→ **Input material**
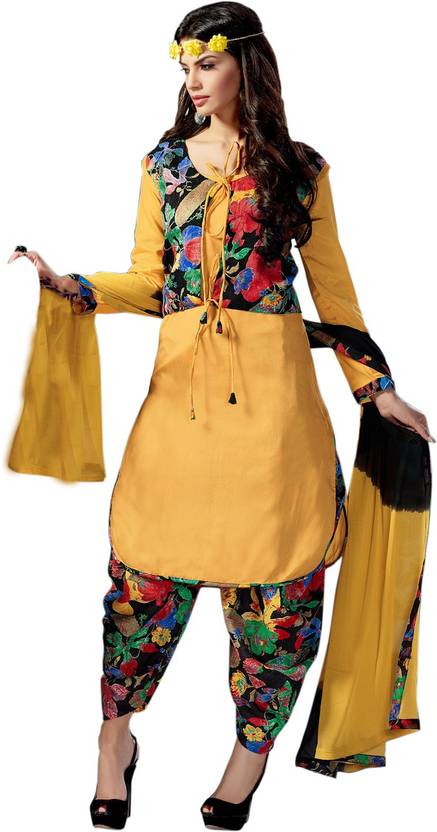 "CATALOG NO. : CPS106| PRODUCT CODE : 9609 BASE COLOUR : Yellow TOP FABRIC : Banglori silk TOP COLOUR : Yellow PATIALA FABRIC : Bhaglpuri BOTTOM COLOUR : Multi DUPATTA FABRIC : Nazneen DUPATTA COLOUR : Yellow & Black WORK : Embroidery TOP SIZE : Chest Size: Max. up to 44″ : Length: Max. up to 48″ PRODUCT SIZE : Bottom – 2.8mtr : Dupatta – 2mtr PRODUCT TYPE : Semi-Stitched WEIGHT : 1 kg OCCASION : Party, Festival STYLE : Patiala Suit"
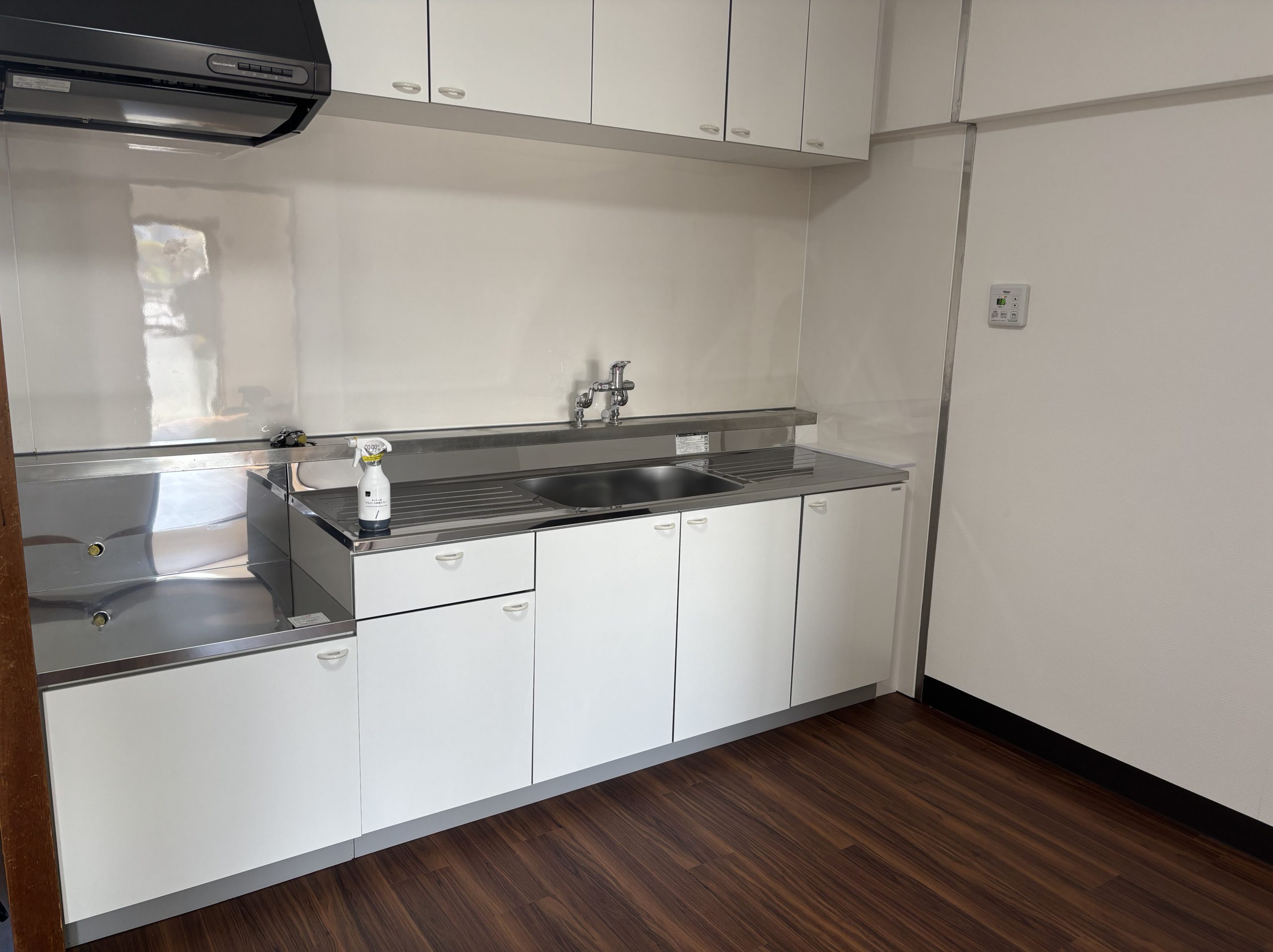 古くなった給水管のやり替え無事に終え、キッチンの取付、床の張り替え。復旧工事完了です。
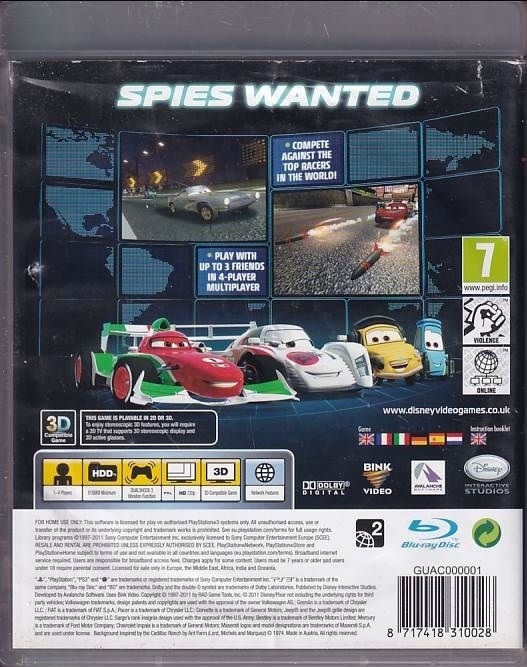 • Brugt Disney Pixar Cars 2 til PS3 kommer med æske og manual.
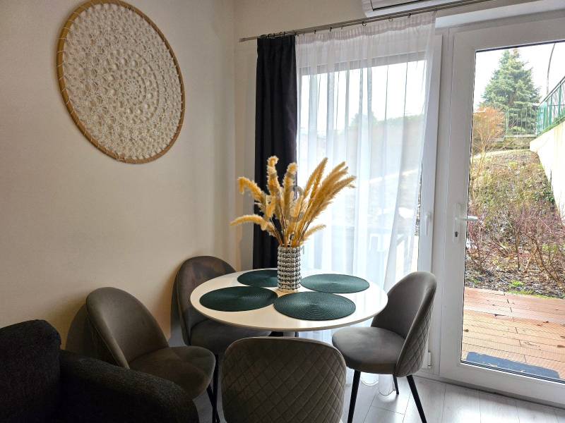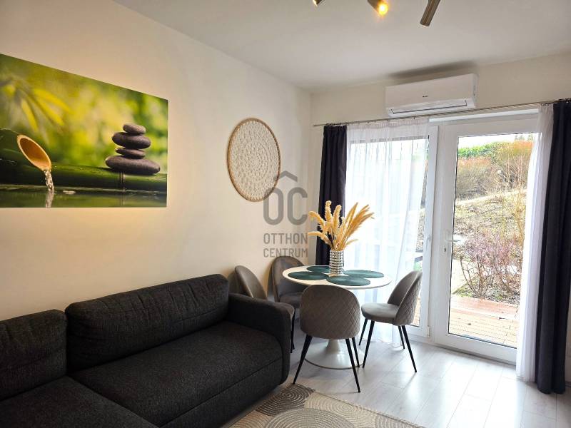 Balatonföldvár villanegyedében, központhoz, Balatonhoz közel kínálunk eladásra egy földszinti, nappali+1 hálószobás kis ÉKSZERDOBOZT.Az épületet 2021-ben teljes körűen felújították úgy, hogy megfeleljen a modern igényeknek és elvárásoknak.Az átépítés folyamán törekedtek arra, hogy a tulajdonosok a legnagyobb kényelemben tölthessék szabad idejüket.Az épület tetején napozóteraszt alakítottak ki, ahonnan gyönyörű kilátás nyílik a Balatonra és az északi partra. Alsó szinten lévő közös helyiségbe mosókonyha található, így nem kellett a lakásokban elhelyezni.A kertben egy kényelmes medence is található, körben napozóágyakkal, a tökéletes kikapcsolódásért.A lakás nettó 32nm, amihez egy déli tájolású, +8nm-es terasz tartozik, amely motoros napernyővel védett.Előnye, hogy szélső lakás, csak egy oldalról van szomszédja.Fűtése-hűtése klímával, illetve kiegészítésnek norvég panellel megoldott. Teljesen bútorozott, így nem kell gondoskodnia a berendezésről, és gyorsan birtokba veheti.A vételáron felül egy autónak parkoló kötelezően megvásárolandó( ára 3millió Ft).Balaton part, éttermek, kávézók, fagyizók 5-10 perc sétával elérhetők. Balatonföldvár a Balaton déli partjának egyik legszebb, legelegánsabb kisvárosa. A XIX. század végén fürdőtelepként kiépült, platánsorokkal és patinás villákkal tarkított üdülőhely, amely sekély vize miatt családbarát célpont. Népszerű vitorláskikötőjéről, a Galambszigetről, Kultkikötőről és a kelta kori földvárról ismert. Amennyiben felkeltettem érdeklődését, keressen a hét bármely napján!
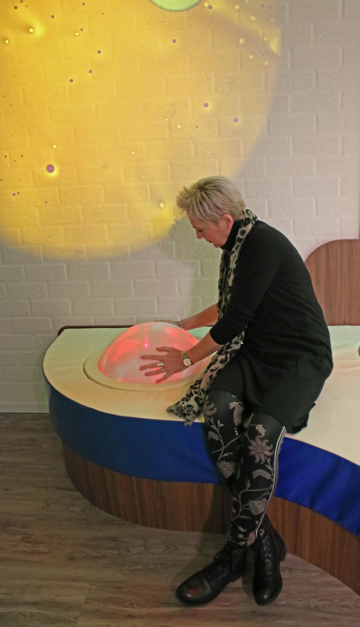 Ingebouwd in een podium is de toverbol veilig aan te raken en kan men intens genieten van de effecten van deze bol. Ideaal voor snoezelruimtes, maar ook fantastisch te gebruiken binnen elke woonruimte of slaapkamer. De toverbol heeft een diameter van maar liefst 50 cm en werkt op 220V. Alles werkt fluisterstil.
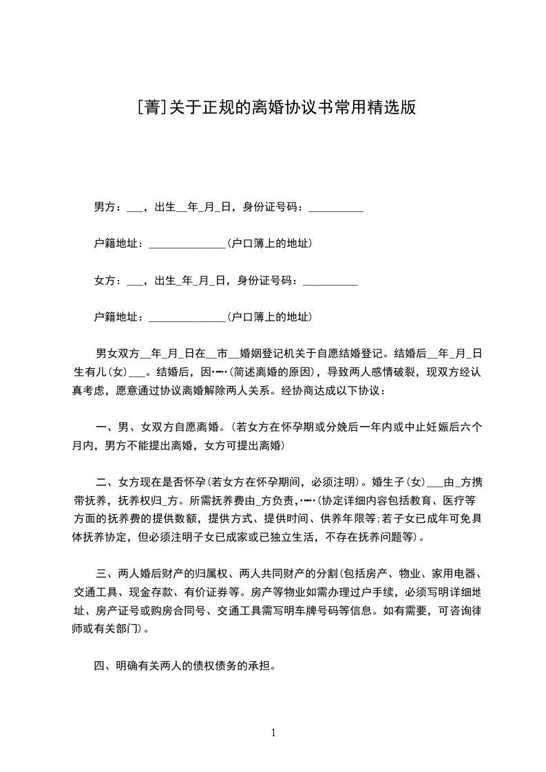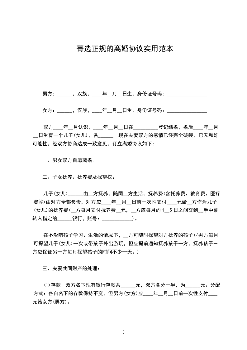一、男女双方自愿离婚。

==

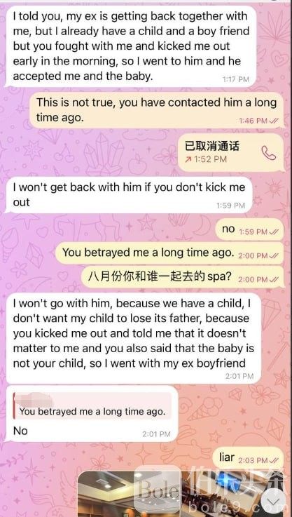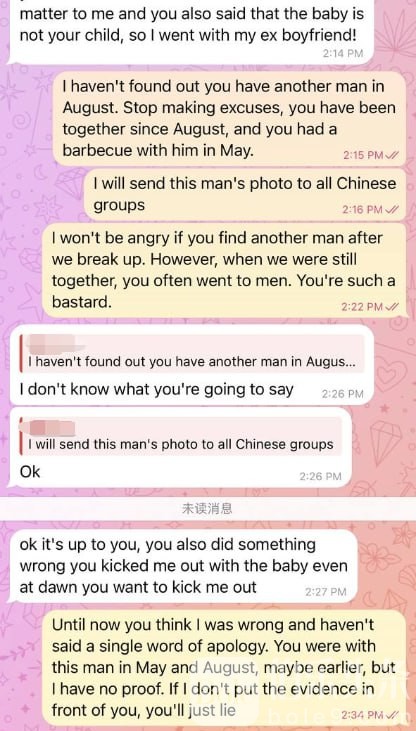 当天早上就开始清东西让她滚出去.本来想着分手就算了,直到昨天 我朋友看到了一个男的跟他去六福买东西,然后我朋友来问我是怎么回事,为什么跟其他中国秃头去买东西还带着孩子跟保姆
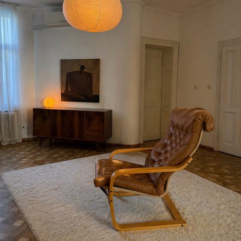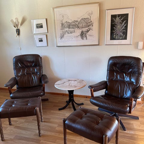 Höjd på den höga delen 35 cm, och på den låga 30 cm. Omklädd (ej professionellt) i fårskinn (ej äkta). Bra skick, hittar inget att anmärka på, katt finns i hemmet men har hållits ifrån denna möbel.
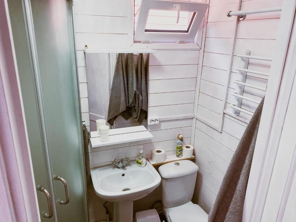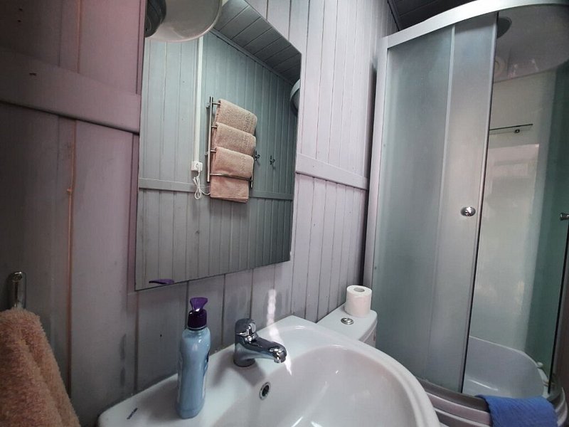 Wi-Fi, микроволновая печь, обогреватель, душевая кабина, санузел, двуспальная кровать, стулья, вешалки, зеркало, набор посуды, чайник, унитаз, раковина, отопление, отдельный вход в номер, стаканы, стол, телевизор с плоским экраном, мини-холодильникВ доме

→ **Requirement**
Starting at the line above that holds "Ingebouwd in een", return each line up to and including the one that holds "一、男女双方自愿离婚。", exactly as written, minus any pictures.

→ **Solved exercise**
 Ingebouwd in een podium is de toverbol veilig aan te raken en kan men intens genieten van de effecten van deze bol. Ideaal voor snoezelruimtes, maar ook fantastisch te gebruiken binnen elke woonruimte of slaapkamer. De toverbol heeft een diameter van maar liefst 50 cm en werkt op 220V. Alles werkt fluisterstil.
一、男女双方自愿离婚。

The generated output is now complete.